A base class for data source writers.

Data source writers are responsible for saving data to a data source. Implement this class and return an instance from DataSource.writer() to make a data source writable.

Syntax

Python
from pyspark.sql.datasource import DataSourceWriter

class MyDataSourceWriter(DataSourceWriter):
def write(self, iterator):
...

Methods

Method

Description

write(iterator)

Writes data into the data source. Called once on each executor. Accepts an iterator of Row objects and returns a WriterCommitMessage, or None if there is no commit message. This method is abstract and must be implemented.

commit(messages)

Commits the writing job using a list of commit messages collected from all executors. Invoked on the driver when all tasks run successfully.

abort(messages)

Aborts the writing job using a list of commit messages collected from all executors.
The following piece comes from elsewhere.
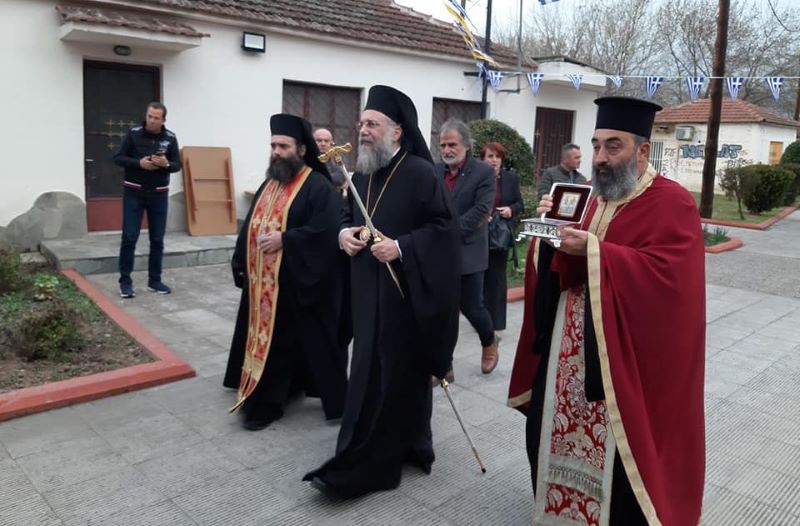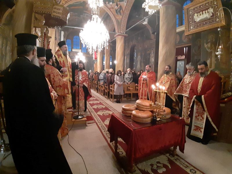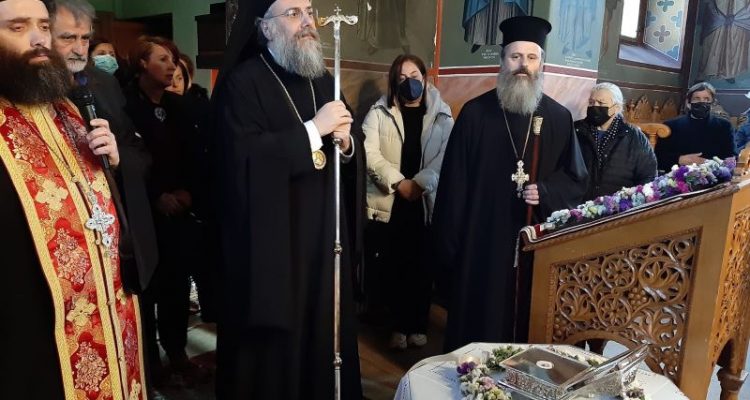 Τα ιερά λείψανα υποδέχθηκε στα προπύλαια του ναού, επικεφαλής του Ιερού κλήρου και του λαού, ο Σεβασμιώτατος Μητροπολίτης Τρίκκης, Γαρδικίου και Πύλης κ. Χρυσόστομος, ο οποίος στη συνέχεια χοροστάτησε και μίλησε στην Ακολουθία του Εσπερινού. Στο τέλος προσφέρθηκε σε όλους τους πιστούς η παραδοσιακή φιλοξενία.

Invoked on the driver when one or more tasks failed.

Notes

  • The driver collects commit messages from all executors and passes them to commit() if all tasks succeed, or to abort() if any task fails.
  • If a write task fails, its commit message will be None in the list passed to commit() or abort().

Examples

Implement a basic writer that saves rows to a file:

Python
from dataclasses import dataclass
from pyspark.sql.datasource import DataSource, DataSourceWriter, WriterCommitMessage

@dataclass
class MyCommitMessage(WriterCommitMessage):
num_rows: int

class MyDataSourceWriter(DataSourceWriter):
def __init__(self, options):
self.path = options.get("path")

def write(self, iterator):
rows = list(iterator)
with open(self.path, "w") as f:
for row in rows:
f.write(str(row) + "\n")
return MyCommitMessage(num_rows=len(rows))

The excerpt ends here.